1, Overview of Pod scheduling strategy
The biggest problem to be solved in the container choreography function in Kubernetes is to schedule the created Pod to the Node. Then, how does the Pod decide which Node to schedule to. This involves the Kube scheduler component introduced when we installed the Kubernetes cluster earlier.
Kube scheduler selects a pod based on two steps:
(1) Filtering: according to the scheduling requirements of Pod, filter out some nodes, such as whether resources match, labels match, stains are tolerated, etc.
(2) Scoring: when the filtering requirements are met, these nodes are scored. The nodes with high scores will be established as the nodes of the whole Pod scheduling.
Pod's demand for resources has been introduced to readers in the previous content. Scheduling is possible only when the resources of the corresponding Node meet the pod's request for resources.

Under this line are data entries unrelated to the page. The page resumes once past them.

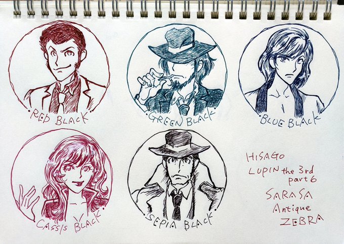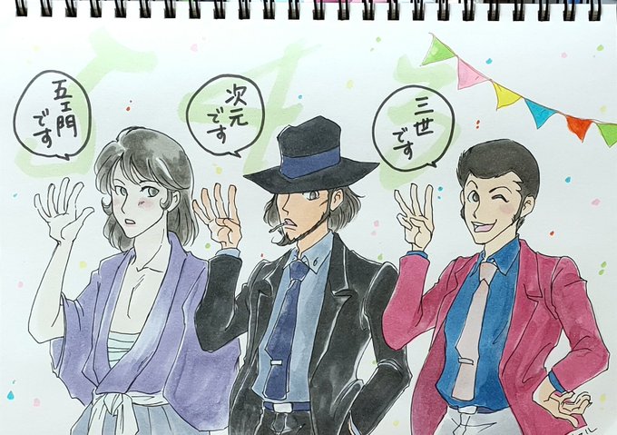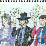 「地獄へルパンを道づれ」良かった! ルと次は勿論のこと、ろくでもない話を持ってくる不ちゃん、危うい事には不参加ながらちゃんとお迎えにくる五、ルへの初恋を拗らせたトランスジェンダーのレディブラックと彼女に使える老執事。そして張込みしつつ一人ピクニックの警部! #fanart #イラスト練習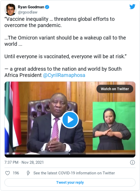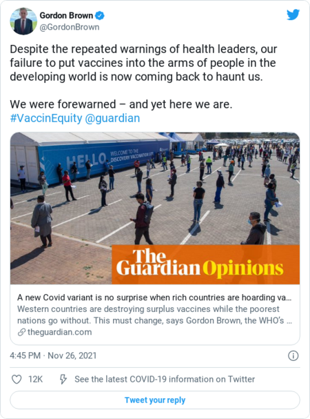 A couple walks past a billboard promoting vaccination in Harare, Zimbabwe, on Nov. 28. Zimbabwe faces travel restrictions due to the new coronavirus variant Omicron. (Aaron Ufumeli/EPA-EFE/REX/Shutterstock) | Omicron — the coronavirus variant with worrying mutations that was first detected in largely unvaccinated southern Africa — has made its way to the vaccine dose-rich West. Amid a global panic and fresh travel bans, confirmed cases have popped up from Britain to Australia. If omicron now rips through Western capitals as badly or worse than the delta variant before it, wealthy nations, scientists say, will be reaping what they sowed. Perhaps no other moment in the pandemic has lent more truth to the often ignored mantra that "no one is safe until we are all safe." Variants, experts say, are one deadly side effect of vaccine inequality — and a global system that has allowed wealthy nations, and large developing ones, to corral jabs for themselves, leaving poorer and less powerful countries to subsist on vaccine crumbs. Low vaccination rates have also made those nations potential breeding grounds for viral mutations that can then quickly spread in a globalized world. Full vaccination rates in the United States, France and China stand at 60 percent, 70 percent and 77 percent, respectively. Compare that to only 6 percent for Africa's 1.2 billion people. "Our achievements in our own country are at high risk because of the failures outside of our country, because of vaccine nationalism, not just in the United States and Europe, but also India and China," J. Stephen Morrison, director of the global health policy center at the Center for Strategic and International Studies, told me over the weekend. "If you have uncontrolled transmission in large populations, that is the optimum environment for generating new variants. In Africa, you have a 6 percent vaccination rate. You're going to get mutations." Early indications suggest omicron may spread with relative ease, but it's too early to tell how virulent it may be. Over the weekend, African leaders forcefully pushed back against the flurry of economy-crimping travel bans imposed by a host of nations including the United States, arguing they had no basis in science and were unjustly punishing nations with low access to vaccines. Experts told my colleagues that the travel bans being imposed now may already be too late. "The prohibition of travel is not informed by science, nor will it be effective in preventing the spread of this variant," South Africa President Cyril Ramaphosa said in a televised address. "The only thing the prohibition on travel will do is to further damage the economies of the affected countries and undermine their ability to respond to, and recover from, the pandemic." The rising alarm over omicron, however, is raising the prospect of a significant new global threat that could have been avoided. "Despite the repeated warnings of health leaders, our failure to put vaccines into the arms of people in the developing world is now coming back to haunt us," Gordon Brown, the former British prime minister and an ambassador with the World Health Organization, wrote in the Guardian. The answer, experts say, lies in more radical solutions than rich and powerful nations appear able or willing to agree on. Wafaa El-Sadr, director of ICAP, a global health center at Columbia University, is calling for a two-tiered approach. First, "wealthy countries, including the US, must provide resources to companies that produce vaccines now to increase vaccine production," she wrote to me this weekend. "What we are doing [so far] is donating the excess supply we have, essentially what we can spare." "For a longer term strategy, suspending intellectual [property rights] and investing in regional vaccine production capacity is critical," she wrote. Those types of bold solutions, however, face major obstacles at a time when developing nations are still far behind the West on vaccines. The World Health Organization-backed program to share vaccine doses around the world — known as Covax — had initially pledged to distribute 2 billion doses by year's end, reducing that target to 1.425 billion in September. As we lurch into December, only about 537 million have shipped. The reasons are myriad. As Vidya Krishnan wrote in Foreign Policy, India — intended to be Covax's primary supplier — stopped exporting vaccines in March to focus "instead on protecting its own population" amid a devastating coronavirus surge. Some exports restarted this month. At the same time, pledges from rich countries haven't come through fast enough. Some that did shipped too close to their expiration dates for use. Perhaps the biggest problem: Rich nations are still outcompeting poorer ones, giving booster shots widely and vaccines to children before the most vulnerable groups in many African countries have received their first doses. "Countries with the highest vaccine coverage continue to stockpile more vaccines, while low-income countries continue to wait," WHO Director General Tedros Adhanom Ghebreyesus said this month. "Every day, there are six times more boosters administered globally than primary doses in low-income countries. This is a scandal that must stop now." Some good news: A fast ramp up of doses to the developing world is set for the coming weeks and months, and in some countries, has already started. Last month, Covax shipped 111 million doses, more than in any other month this year. An extra 900 million doses are expected to be in the "pipeline" by December, the Wall Street Journal reported. But that expansion faces major hurdles to translate rapidly into shots in arms. Some vaccine makers are still not giving Covax enough notice on how many doses will be available and when. Some developing nations are also still not prepared for an onslaught of doses, needing more assistance for cold storage, distribution and heath-care staffing. Fueled by public skeptic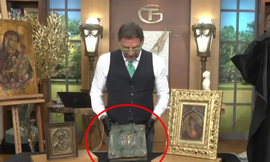 Μάλιστα, κατά τη διάρκεια μίας εκ των ανωτέρω ερευνών, προσέγγισε το σημείο η κατηγορούμενη, έχοντας στην κατοχή της το Ιερό Ευαγγέλιο που είχε παρουσιάσει σε δημοπρασία μέσω της εκπομπής του ο συγκατηγορούμενός της.
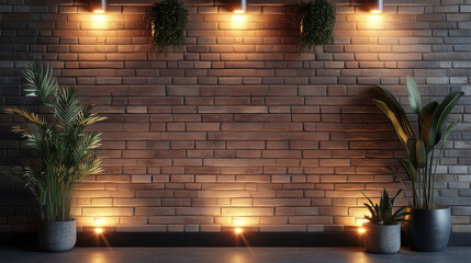 This digital artwork presents a minimalist product stand with vibrant neon accents against a classic brick backdrop, perfect for showcasing items.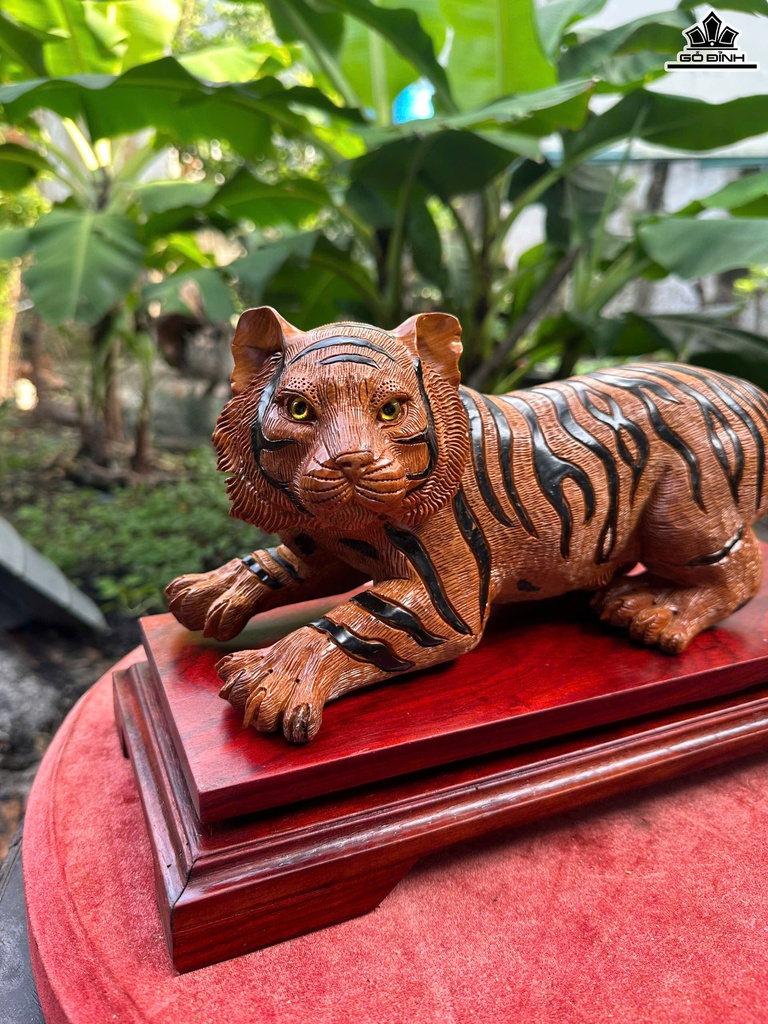 Tượng Hổ Phong Thủy Gỗ Ngọc Am Cao 15 Ngang 39 Sâu 13 (cm) - Kỷ Gỗ Hương 20x42x16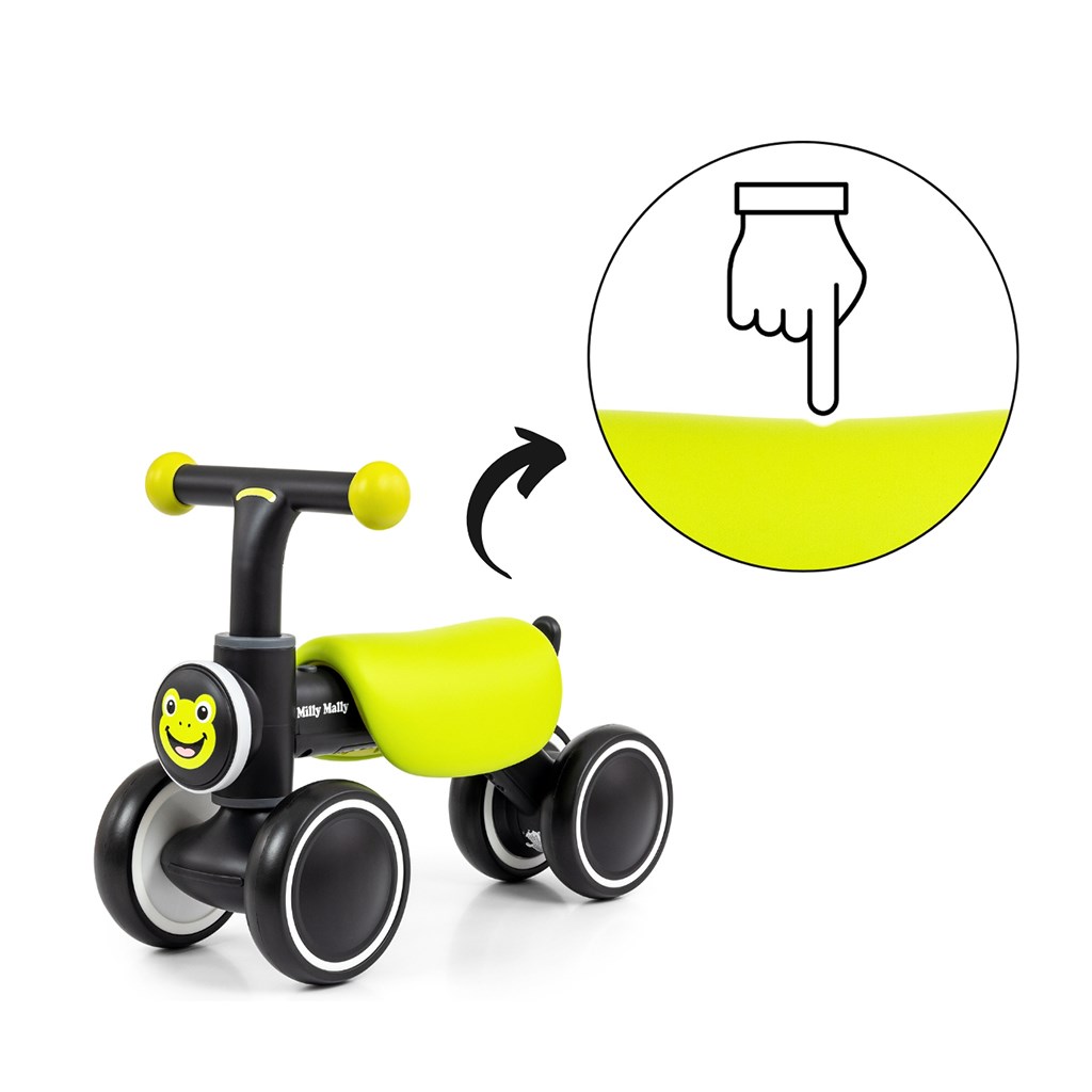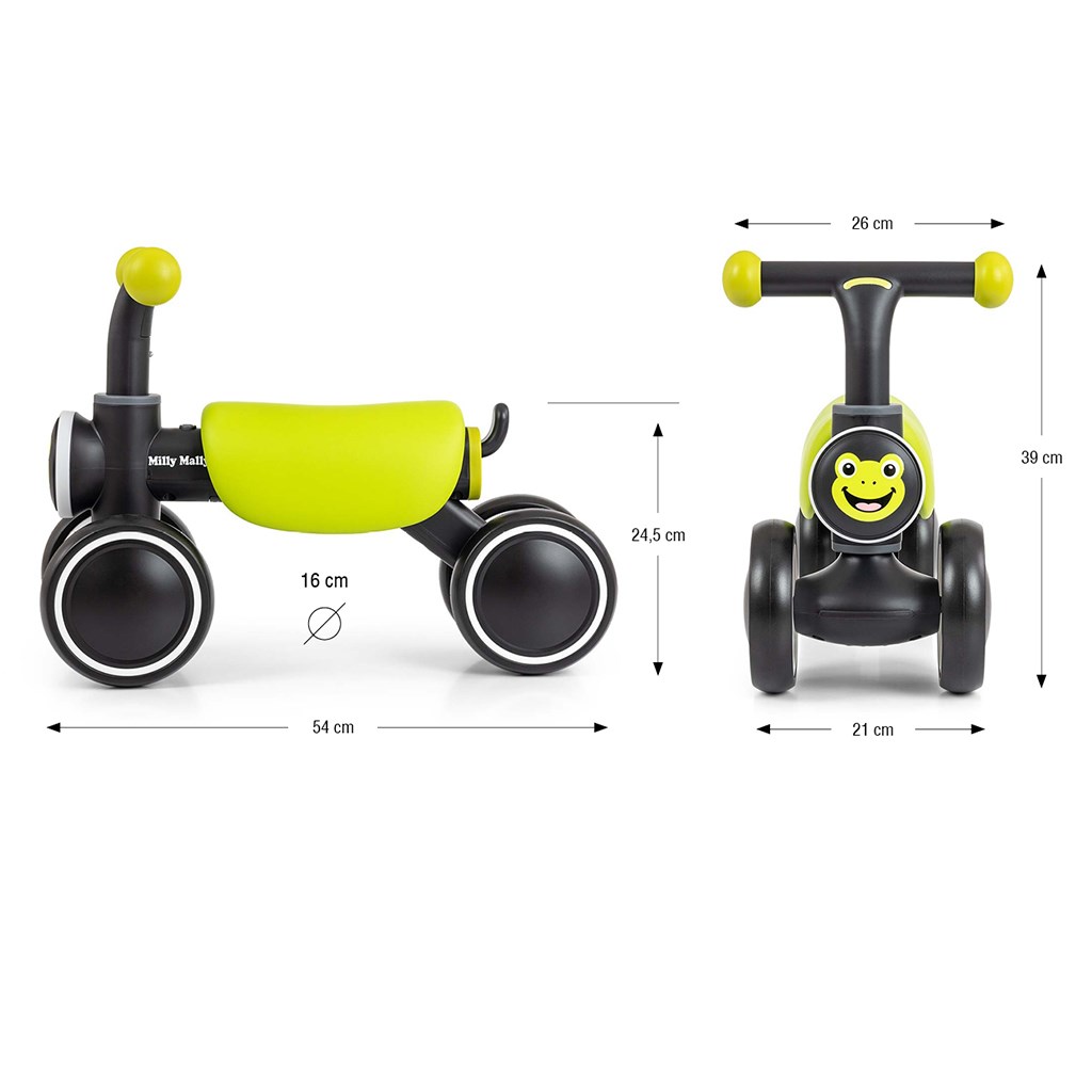 Odrážedlo se snadno montuje, je stabilní a bezpečné. Doporučuje se pro děti ve věku 12–36 měsíců a o hmotnosti do 25 kg.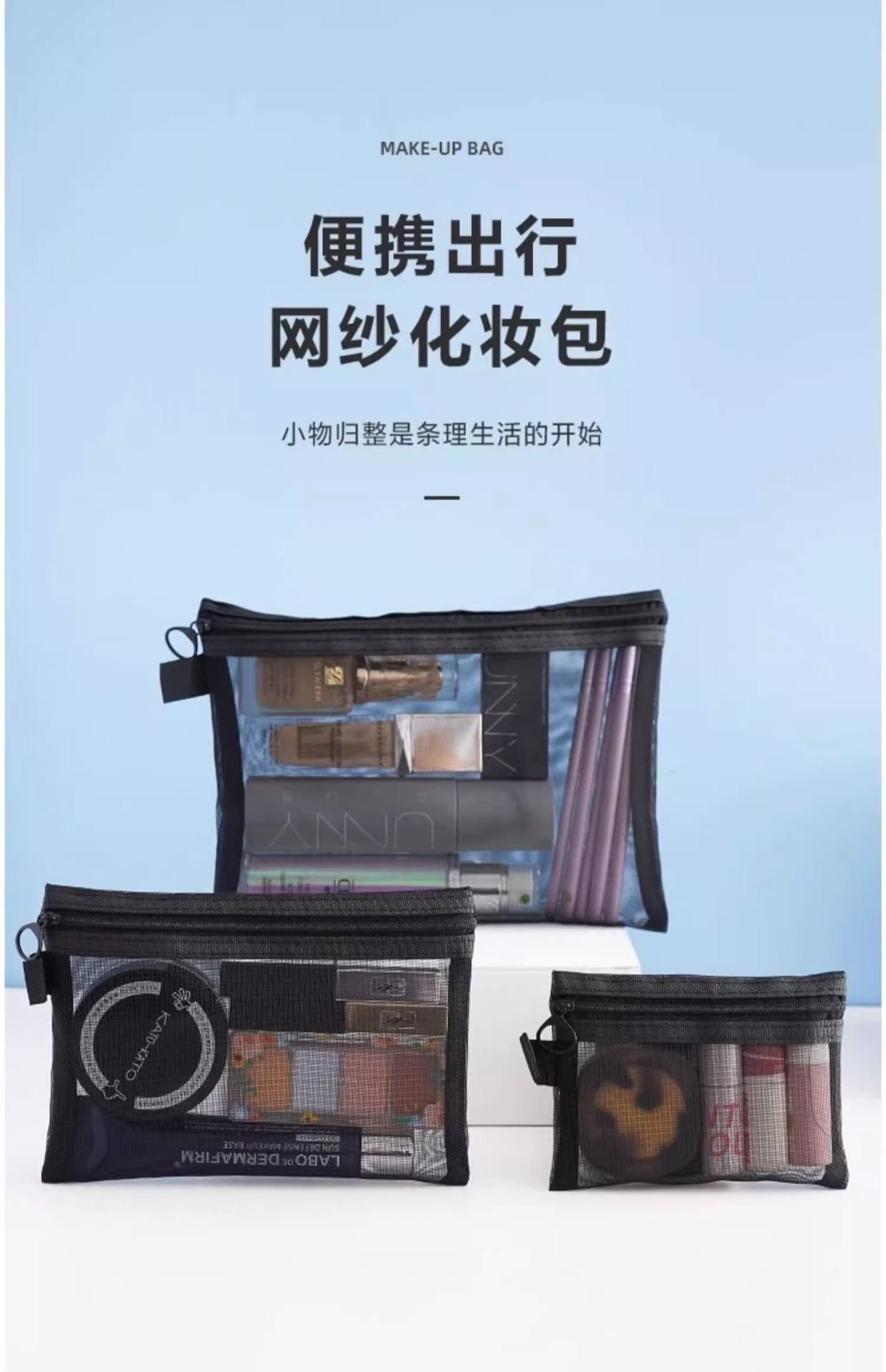 화장품 가방 여성 휴대용 2025 새로운 슈퍼 인기있는 Ins 스타일 메쉬 스타일 내부 가방 화장품 수납 가방스토어 가기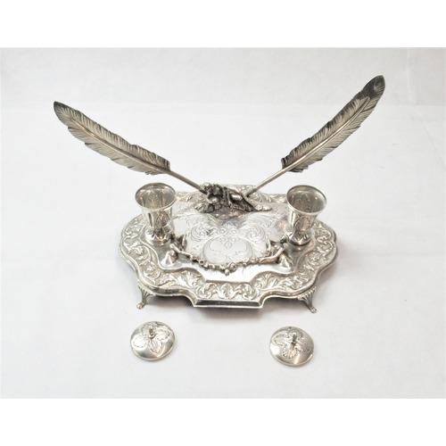 Impressive Sterling Silver Inkwell, approximately 42 x 21cm.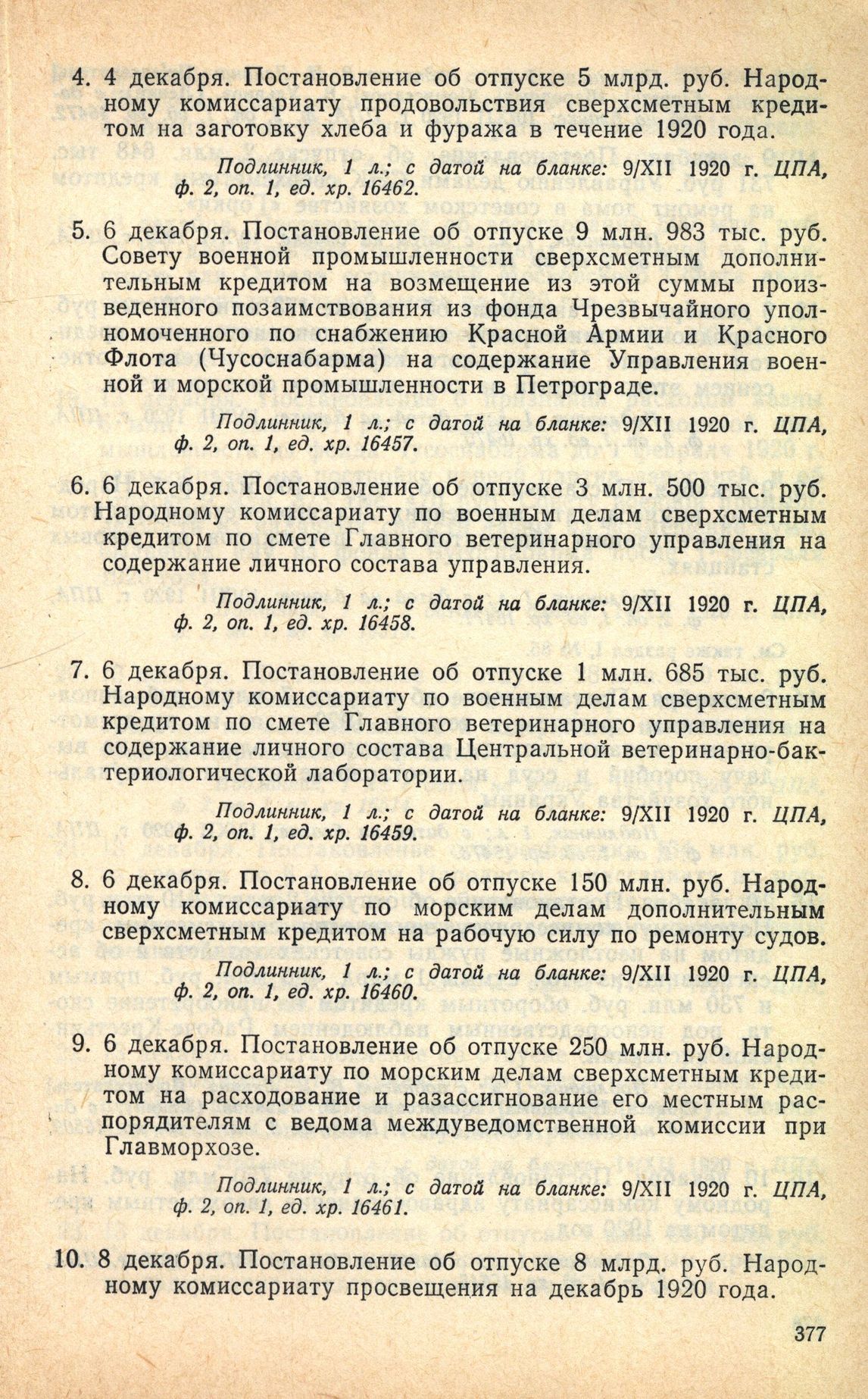 4 декабря. Постановление об отпуске 5 млрд. руб. Народному комиссариату продовольствия сверхсметным кредитом на заготовку хлеба и фуража в течение 1920 года.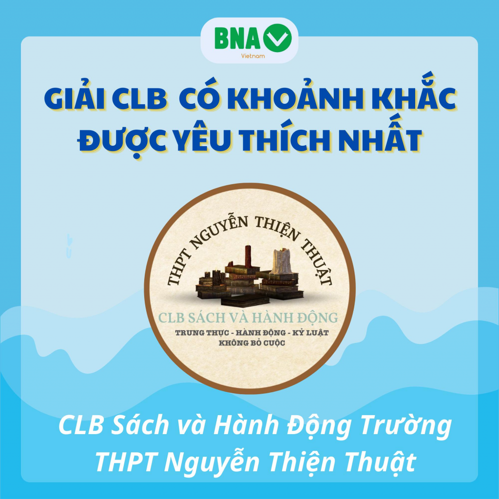 4. Giải “CLB có khoảnh khắc đẹp nhất”: CLB Sách và Hành Động Trường THPT Nguyễn Thiện Thuật (Phần thưởng: 3 cuốn sách + 01 Giấy chứng nhận)

There are two other strategies that will directly affect our Pod scheduling, namely:
(1) Label
(2) Stain
2, Scheduling practice of Label
The label label can be defined on various resources in Kubernetes cluster. The upper level resources can select the corresponding resources according to the label. There are three common ways to use labels:
(1) Deployment: select the Pod corresponding to the Service according to the tag. It will be introduced later.
(2) PVC can select the PV with this label that meets the resource requirements according to the label selector. It will be introduced later.
(3) When Pod is defined, the definition can be displayed and deployed on the node of the label that meets the requirements.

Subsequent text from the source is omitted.